**ASSIGNMENT**
Leaving out the pictures, return word for word the stretch of entries below from the line holding "弁当と食材を買い取り、コロナ禍で日常生活に困難を抱える家庭などに提供した" through the line holding "Slika 6. Dimensions Festival 2016. 23".

**RECORD EXCERPTS**
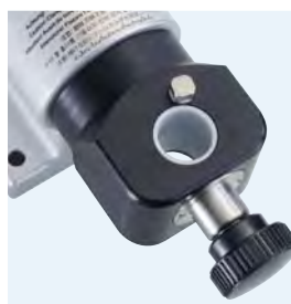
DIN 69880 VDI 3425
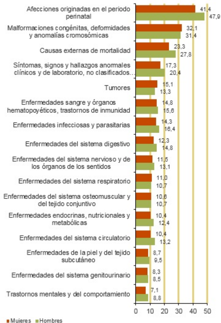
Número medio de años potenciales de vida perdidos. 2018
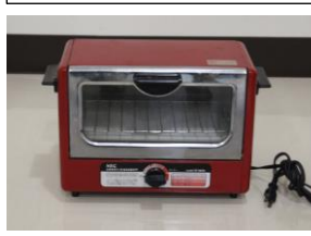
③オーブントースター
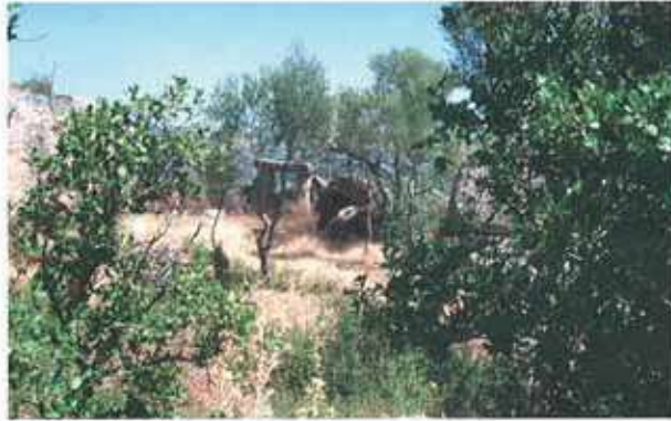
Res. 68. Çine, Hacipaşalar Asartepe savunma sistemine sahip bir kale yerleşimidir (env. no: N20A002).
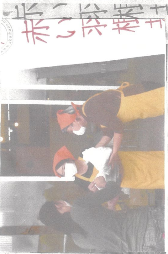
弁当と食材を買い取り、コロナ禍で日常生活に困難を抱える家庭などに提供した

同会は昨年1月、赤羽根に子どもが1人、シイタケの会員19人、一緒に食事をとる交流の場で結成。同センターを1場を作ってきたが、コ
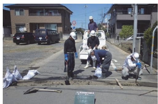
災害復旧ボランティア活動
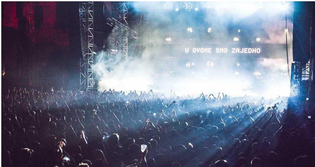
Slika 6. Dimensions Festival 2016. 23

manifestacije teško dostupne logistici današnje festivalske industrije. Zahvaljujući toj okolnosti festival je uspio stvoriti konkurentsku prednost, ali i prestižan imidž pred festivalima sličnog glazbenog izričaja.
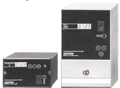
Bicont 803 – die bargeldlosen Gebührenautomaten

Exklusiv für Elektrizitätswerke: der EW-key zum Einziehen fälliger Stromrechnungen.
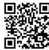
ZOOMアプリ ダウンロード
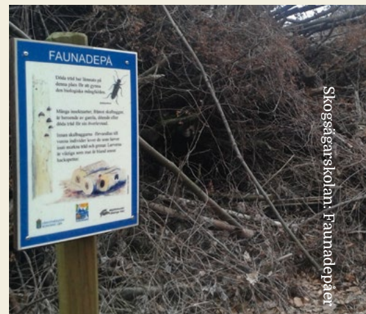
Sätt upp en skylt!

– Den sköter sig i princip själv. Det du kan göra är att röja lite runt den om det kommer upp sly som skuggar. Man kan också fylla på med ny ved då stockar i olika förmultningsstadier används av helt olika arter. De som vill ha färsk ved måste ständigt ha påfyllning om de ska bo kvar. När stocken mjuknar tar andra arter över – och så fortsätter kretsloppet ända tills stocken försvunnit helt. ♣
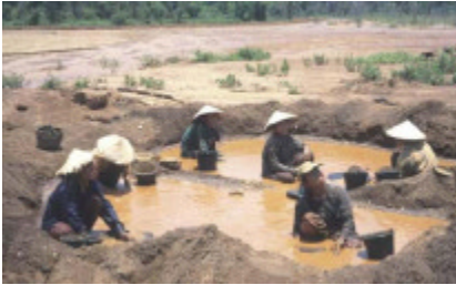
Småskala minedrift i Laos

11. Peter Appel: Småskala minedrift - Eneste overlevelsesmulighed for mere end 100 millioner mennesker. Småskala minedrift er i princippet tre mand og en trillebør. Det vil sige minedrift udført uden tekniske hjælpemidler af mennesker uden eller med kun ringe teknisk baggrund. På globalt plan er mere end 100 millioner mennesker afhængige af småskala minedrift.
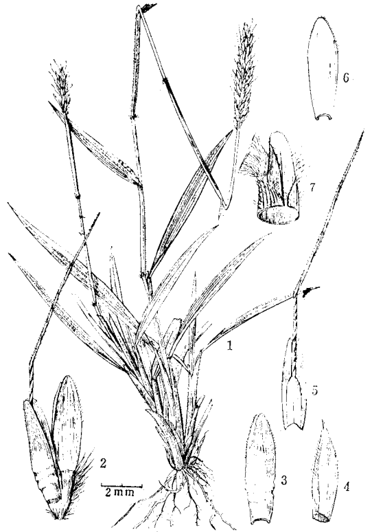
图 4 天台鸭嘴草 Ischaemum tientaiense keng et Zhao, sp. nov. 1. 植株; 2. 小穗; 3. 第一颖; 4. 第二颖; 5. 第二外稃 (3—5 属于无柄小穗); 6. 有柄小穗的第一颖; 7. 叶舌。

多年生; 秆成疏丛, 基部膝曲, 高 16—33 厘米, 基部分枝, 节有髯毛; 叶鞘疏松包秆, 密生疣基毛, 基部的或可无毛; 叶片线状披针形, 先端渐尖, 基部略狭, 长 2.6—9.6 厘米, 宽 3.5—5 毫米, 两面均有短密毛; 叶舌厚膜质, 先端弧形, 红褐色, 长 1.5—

**TASK RESPONSE**
弁当と食材を買い取り、コロナ禍で日常生活に困難を抱える家庭などに提供した

同会は昨年1月、赤羽根に子どもが1人、シイタケの会員19人、一緒に食事をとる交流の場で結成。同センターを1場を作ってきたが、コ
災害復旧ボランティア活動
Slika 6. Dimensions Festival 2016. 23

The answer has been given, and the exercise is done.